#### [Exercise objective]
Any picture in the material should be left out, while all other lines are copied exactly.

##### Information shown

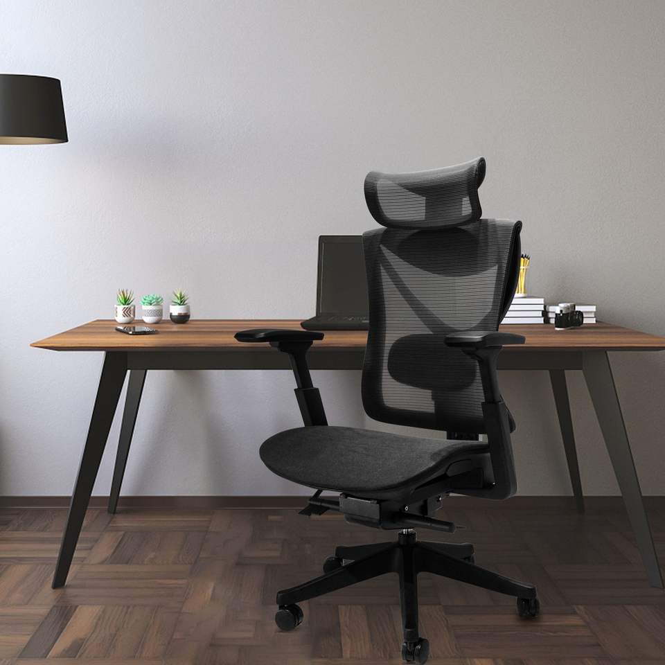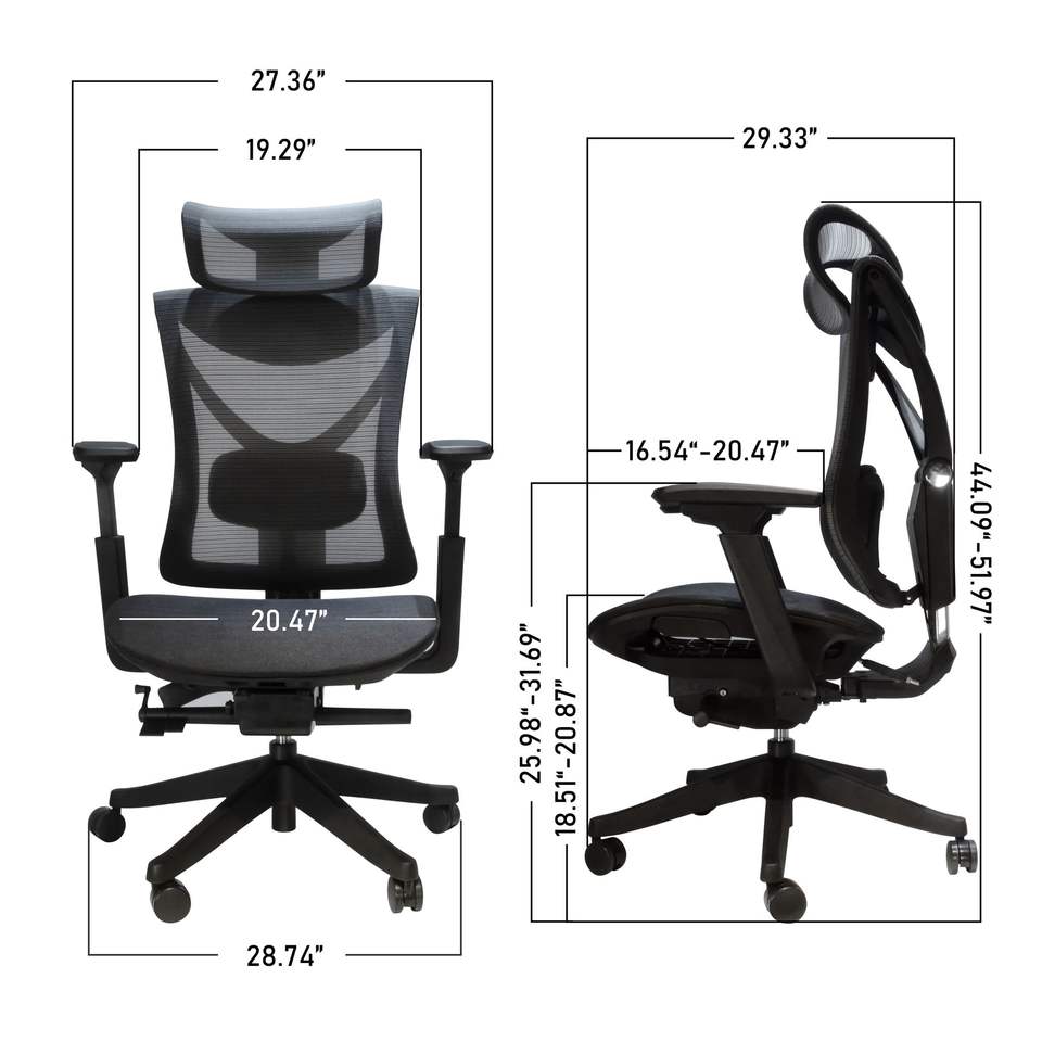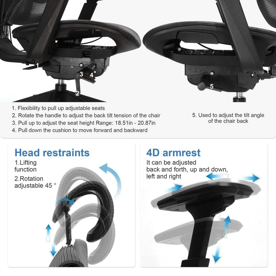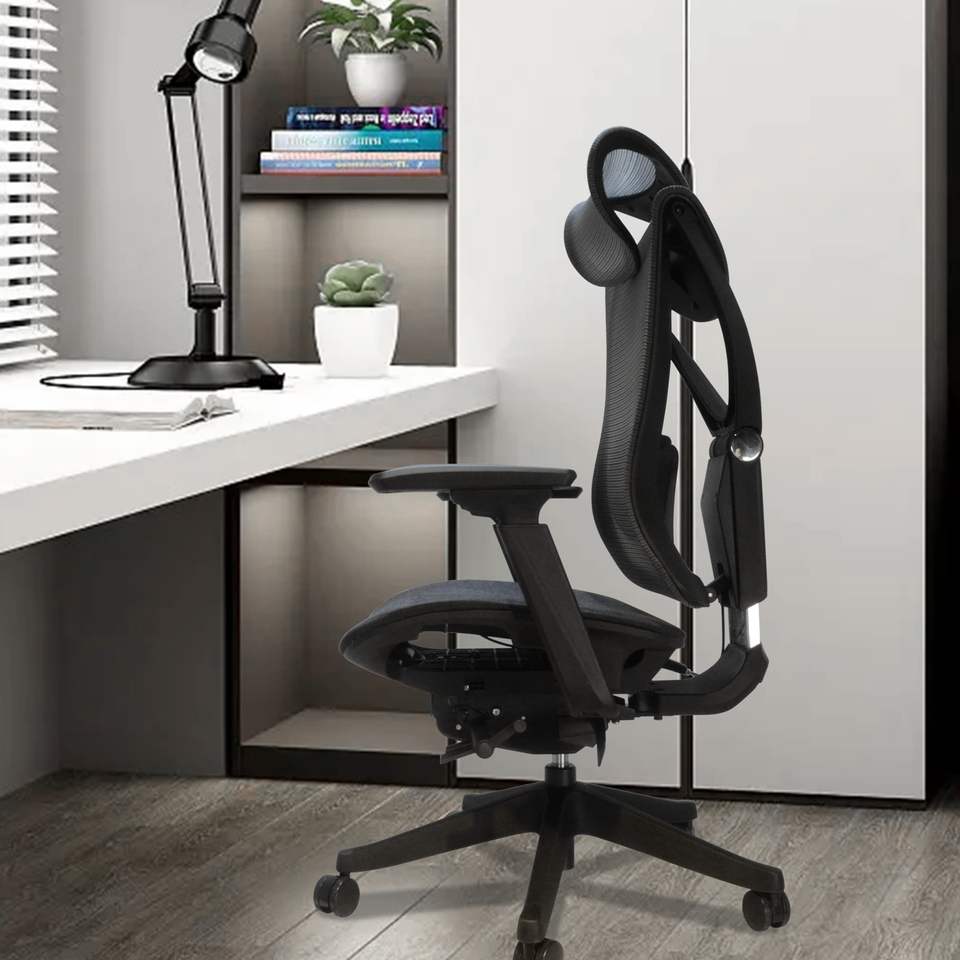 Sedia da Ufficio Grande e Alta con Braccioli e Poggiatesta Regolabili a 115 Gradi, Seduta Confortevole con Supporto Lombare Scorrevole
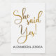Un texto moderno de escritura dorada con She Said Yes en un estilo minimalista con sus nombres personalizados debajo de una sencilla letra moderna.
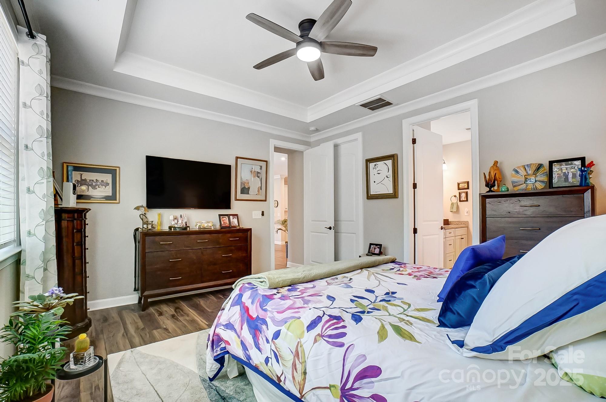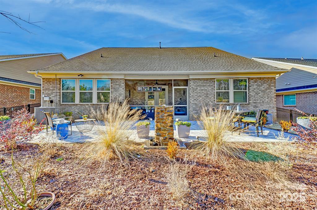 Experience effortless living in this stunning home featuring upgrades you expect in a model home. This FULL-BRICK, low-maintenance ranch features an ideal open-concept layout with huge quartz kitchen island anchoring the living space—The light filled open floor plan with spacious great room, chef's kitchen, butler pantry and dining is perfect for entertaining. The Primary Suite Spa bathroom features a zero entry tile shower, much storage and a linen closet. A second full ensuite with private entrance is ideal for guests or multi-generational living, plus a third bedroom & bathroom offer even more flexibility. Additional highlights include: Stone gas fireplace for cozy evenings, Extensive crown moldings & neutral finishes for a turnkey move, Spacious screened porch for year-round enjoyment, with ceiling fan and speakers, while enjoying the serene trees and water view. Our amenity center features a heated salt water pool, pickle ball court, outdoor dining and lounge with fireplace as well as clubhouse. All of this in a neighborhood known for it's welcoming vibe & easy access to I-485. This is the best home in the neighborhood—perfect for downsizing without compromise. You deserve this!

##########

#### [Worked solution]
 Sedia da Ufficio Grande e Alta con Braccioli e Poggiatesta Regolabili a 115 Gradi, Seduta Confortevole con Supporto Lombare Scorrevole
Un texto moderno de escritura dorada con She Said Yes en un estilo minimalista con sus nombres personalizados debajo de una sencilla letra moderna.
 Experience effortless living in this stunning home featuring upgrades you expect in a model home. This FULL-BRICK, low-maintenance ranch features an ideal open-concept layout with huge quartz kitchen island anchoring the living space—The light filled open floor plan with spacious great room, chef's kitchen, butler pantry and dining is perfect for entertaining. The Primary Suite Spa bathroom features a zero entry tile shower, much storage and a linen closet. A second full ensuite with private entrance is ideal for guests or multi-generational living, plus a third bedroom & bathroom offer even more flexibility. Additional highlights include: Stone gas fireplace for cozy evenings, Extensive crown moldings & neutral finishes for a turnkey move, Spacious screened porch for year-round enjoyment, with ceiling fan and speakers, while enjoying the serene trees and water view. Our amenity center features a heated salt water pool, pickle ball court, outdoor dining and lounge with fireplace as well as clubhouse. All of this in a neighborhood known for it's welcoming vibe & easy access to I-485. This is the best home in the neighborhood—perfect for downsizing without compromise. You deserve this!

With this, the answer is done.